The rationale behind the young adult and senior constituent behavior is less than clear.  As far as I know, only speculative theories and hypotheses exist.  It is a certainty that the construction of age restricted (55+) housing escalated with the introduction of the Adequate Public Facilities Ordinance (APFO) in the early 1990’s and has progressed over the last twenty years.  The shear bulk of the aging boomer generation also plays a part.  Another popular theory is that the younger generations consciously choose the urban setting of the big cities in the region and hold low regard for the single family lots and cul-de-sacs that dominate much of Howard County’s housing stock.  Lastly the economic booms and busts over the last two decades must be taken into consideration with respect to both seniors choosing to “age in place” and available housing options (and the ability to secure financing for said housing) for young adults.
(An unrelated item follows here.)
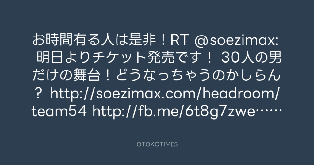 お時間有る人は是非!RT @soezimax: 明日よりチケット発売です! 30人の男だけの舞... -
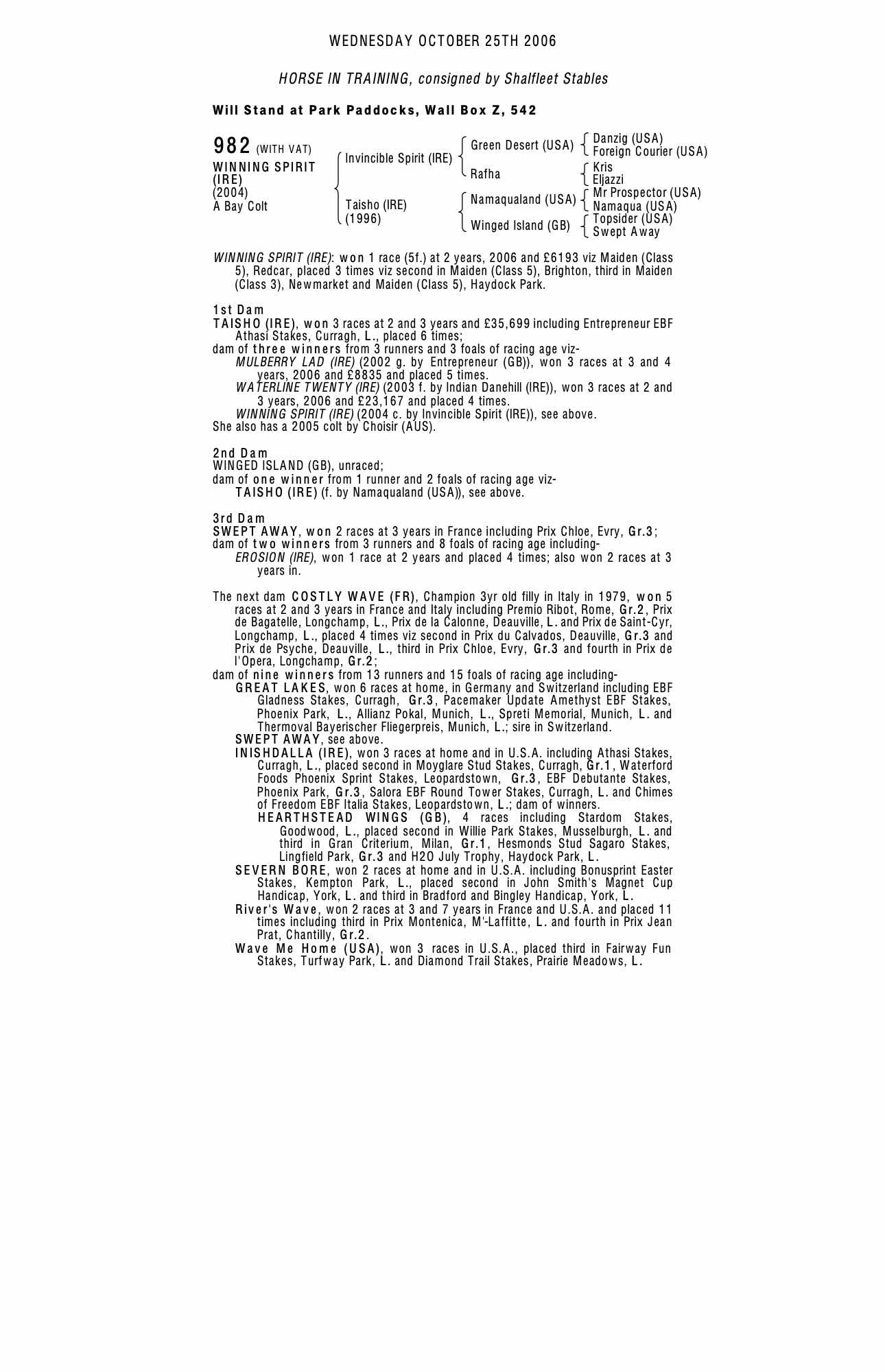 October Yearling Sale, Book 2 2006 lot 898 C. by Choisir (AUS) 2005, Mountarmstrong Stud, Ireland=>Vendor 40,000 gns

As depicted in the graphs above, the Howard County age demographic trends are fairly clear and provide a basis for further analysis; however, the data is missing an important aspect.  This aspect is imbedded in the evolution of norms over time and the changing characteristics that accompany youth, mid-age and retirement.  Much as it is difficult to discern how well Sandy Koufax would pitch against Albert Pujols or Red Auerbach’s nine NBA coaching championships to Phil Jackson’s eleven NBA coaching championships; the young adults of the 1970’s were in many ways different than the young adults of today.  As they say in the world of sports – “they are of different eras,” and that aspect cannot be conveyed by simple classification of age groups.  Indeed, age groups serve as static markers that are scalar by nature.  They depict a magnitude, but provide no indication of direction.

In the near future, I will provide an alternative analysis of Howard County population growth over the last forty years.  Stay tuned.


1 comment:

Frank Hecker said...

Bill, this is great stuff. Thanks for doing the hard work to gather, present, and analyze this data.